Note that in Figure 2, NPN type transistors are used for the first and second transistors, but even if these are configured as PNP type transistors, the polarities of the first diode and clamp diode are simply reversely connected. Of course, exactly the same effect can be obtained.

[Brief explanation of drawings]

Fig. 1 is a circuit diagram for obtaining a conventional amplified pulse data signal, Fig. 2 is a circuit diagram showing an embodiment of the present invention, and Fig. 3 is a waveform diagram for explaining Figs. 1 and 2. are shown respectively. DESCRIPTION OF SYMBOLS 1... First transistor, 2... First resistor, 3... First diode, 4... Second transistor, 5... Second resistor, 6... Second diode, 7... ...Capacitor, 8...Clamp diode.

Claims (1)

[Claims] 1 A first diode is connected between the emitter and base of the first transistor with a polarity that is opposite to the diode characteristic between the emitter and base, and a first diode is connected between the collector and the emitter of the second transistor with a polarity such that the emitter side is positive.

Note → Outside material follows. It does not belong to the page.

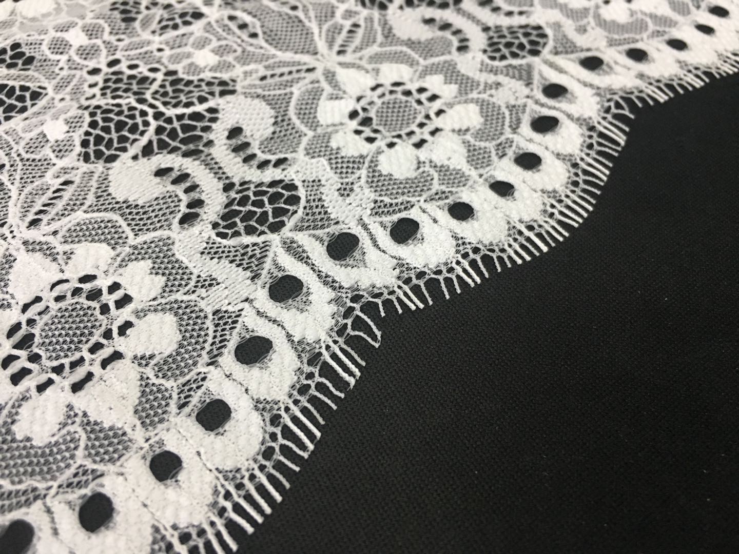 蕾丝面料个性包含手感柔软、材质轻浮而通透、具备优雅而奥秘的艺术成果。

A clamp diode is connected to the circuit, a first resistor is connected between the emitter and the base, the emitter is kept at a fixed potential, and the collector is connected to the base of the first transistor.
A pulse signal characterized by a configuration in which a high-frequency pulse is input to the emitter, a second high-frequency pulse having an opposite phase to the first high-frequency pulse is input to the emitter via a capacitor, and input data is input to the base of the second transistor. control circuit.